*What you have to do*.
Only the lines below from the one containing "10. Waanfiqoo min" through the one containing "정보통신정책연구원(원장 이주헌) 신성장산업연구실" belong in the answer, repeated exactly and without pictures.

*Provided records*.

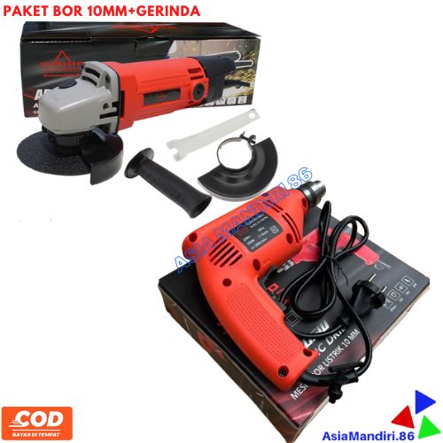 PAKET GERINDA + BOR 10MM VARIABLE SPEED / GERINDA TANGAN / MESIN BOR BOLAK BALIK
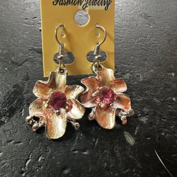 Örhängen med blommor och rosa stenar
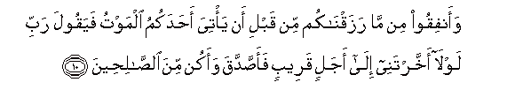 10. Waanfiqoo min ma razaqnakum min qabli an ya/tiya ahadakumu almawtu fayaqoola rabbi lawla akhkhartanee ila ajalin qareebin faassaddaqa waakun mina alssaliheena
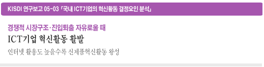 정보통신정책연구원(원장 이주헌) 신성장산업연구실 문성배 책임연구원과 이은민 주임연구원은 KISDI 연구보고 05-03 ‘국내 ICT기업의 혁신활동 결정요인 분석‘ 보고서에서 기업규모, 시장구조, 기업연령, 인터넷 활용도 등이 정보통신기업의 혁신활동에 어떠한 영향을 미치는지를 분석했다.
...
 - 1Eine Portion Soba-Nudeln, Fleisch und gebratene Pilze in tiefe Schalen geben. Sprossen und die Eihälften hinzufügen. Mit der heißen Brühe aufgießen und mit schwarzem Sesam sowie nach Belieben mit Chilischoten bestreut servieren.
...
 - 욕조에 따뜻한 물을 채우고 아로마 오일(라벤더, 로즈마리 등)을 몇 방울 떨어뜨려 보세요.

*Solution to this exercise*.
 10. Waanfiqoo min ma razaqnakum min qabli an ya/tiya ahadakumu almawtu fayaqoola rabbi lawla akhkhartanee ila ajalin qareebin faassaddaqa waakun mina alssaliheena
 정보통신정책연구원(원장 이주헌) 신성장산업연구실 문성배 책임연구원과 이은민 주임연구원은 KISDI 연구보고 05-03 ‘국내 ICT기업의 혁신활동 결정요인 분석‘ 보고서에서 기업규모, 시장구조, 기업연령, 인터넷 활용도 등이 정보통신기업의 혁신활동에 어떠한 영향을 미치는지를 분석했다.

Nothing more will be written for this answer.